Data shown:
——————
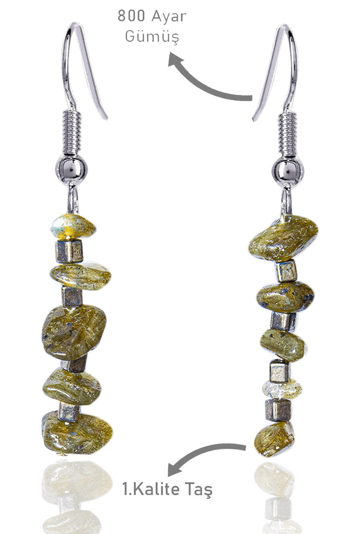Sertifikalı Kırık Taşlı Model Labradorit Taşı Küpe
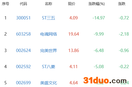 ST三五、电魂网络、完美世界、ST八菱、美盛文化位列涨幅榜后五位,涨幅分别为-14.97%、-9.99%、-6.48%、-5.08%、-4.92%。
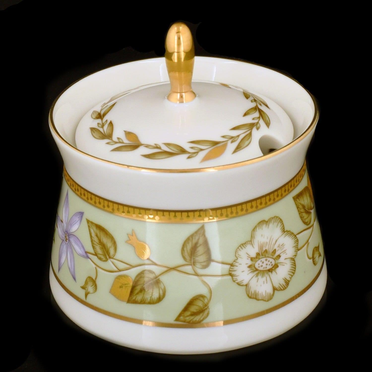 Эффектная позолота нанесена поверх стеклянной глазури тонкой кистью. Авторская работа, хренница "Нефритовый фон"  - это чудесная покупка, для того чтобы придать сервировке стола изыску и подчеркнуть чувство вкуса хозяйки.
——————
What to produce:
Give back the whole listing exactly as it stands. Drop every picture.

Task response:
Sertifikalı Kırık Taşlı Model Labradorit Taşı Küpe
 ST三五、电魂网络、完美世界、ST八菱、美盛文化位列涨幅榜后五位,涨幅分别为-14.97%、-9.99%、-6.48%、-5.08%、-4.92%。
 Эффектная позолота нанесена поверх стеклянной глазури тонкой кистью. Авторская работа, хренница "Нефритовый фон"  - это чудесная покупка, для того чтобы придать сервировке стола изыску и подчеркнуть чувство вкуса хозяйки.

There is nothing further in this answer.